High order structure preserving explicit methods for solving linear-quadratic optimal control problems and differential games

TL;DR

This paper introduces high order explicit geometric integrators for solving linear-quadratic optimal control problems and differential games, effectively preserving qualitative properties of solutions through splitting methods.

Contribution

The paper develops novel high order explicit splitting methods tailored for coupled Riccati and state equations, preserving qualitative solution features in control problems.

Findings

Methods effectively preserve qualitative properties of solutions

Performance improves when system is a perturbation of an exactly solvable problem

Numerical examples demonstrate the methods' effectiveness

Abstract

We present high order explicit geometric integrators to solve linear-quadratic optimal control problems and $N$-player differential games.
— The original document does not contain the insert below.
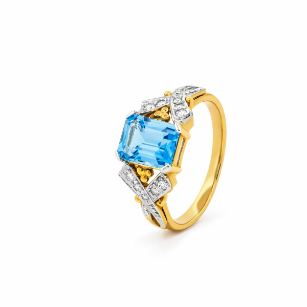 Delikatnie oplatająca kamień oprawa została dodatkowo ozdobiona 10 błyszczącymi diamentami o łącznej masie 0,156 ct, które subtelnie podkreślają blask topazu oraz dodają pierścionkowi wyjątkowej elegancji.
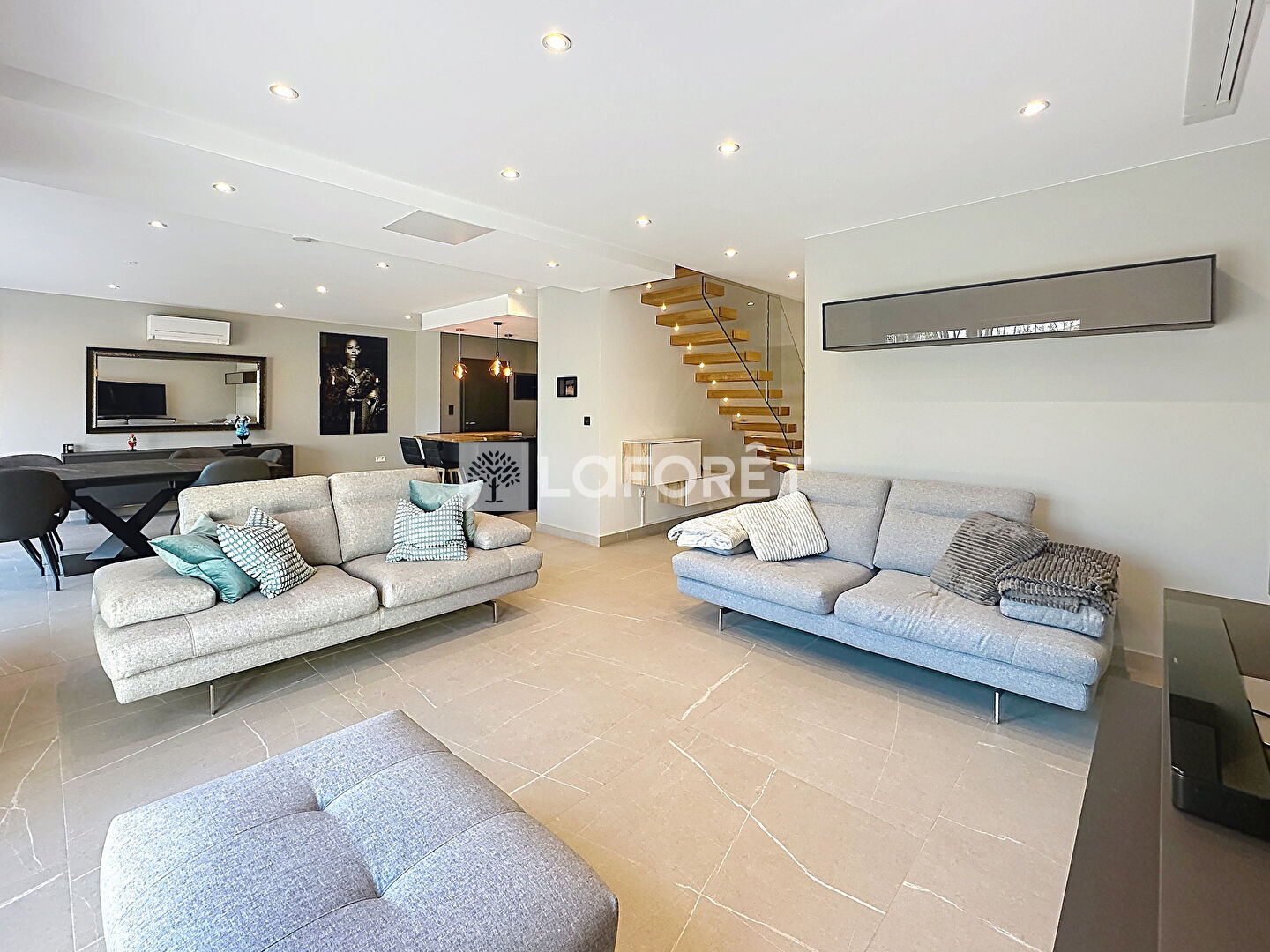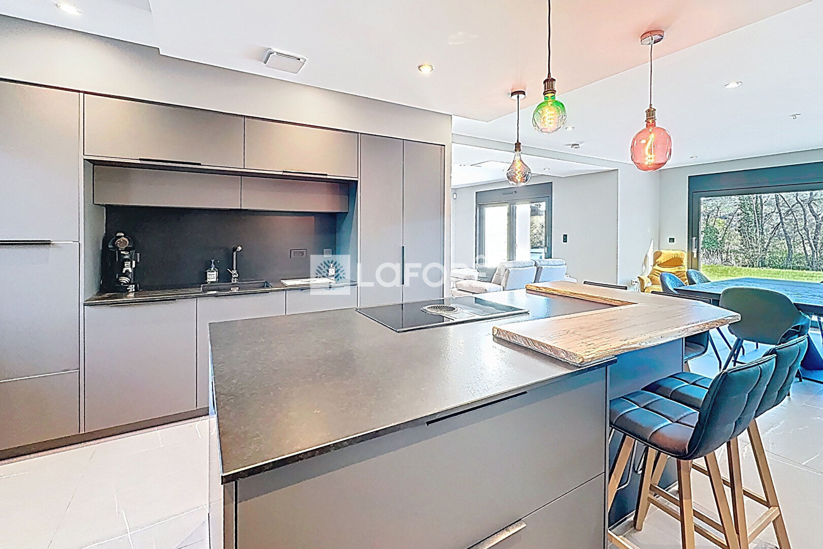 Dès l'entrée, vous découvrirez une spacieuse pièce de vie de 60 m², baignée de lumière, avec un accès direct à une grande terrasse et au jardin, idéal pour profiter pleinement de l'extérieur. La cuisine dispose d'un équipement haut de gamme avec plaque à induction avec hotte aspirante, double four et cave à vin.

These problems are described by a system coupled non-linear differential equations with boundary conditions. We propose first to integrate backward in time the non-autonomous matrix Riccati differential equations and next to integrate forward in time the coupled system of equations for the Riccati and the state vector. This can be achieved by using appropriate splitting methods, which we show they preserve most qualitative properties of the exact solution. Since the coupled system of equations is usually explicitly time dependent, a preliminary analysis has to be considered. We consider the time as two new coordinates, and this allows us to integrate the whole system forward in time using splitting methods while preserving the most relevant qualitative structure of the exact solution. If the system is a perturbation of an exactly solvable problem, the performance of the splitting methods considerably improves. Some numerical examples are also considered which show the performance of the proposed methods.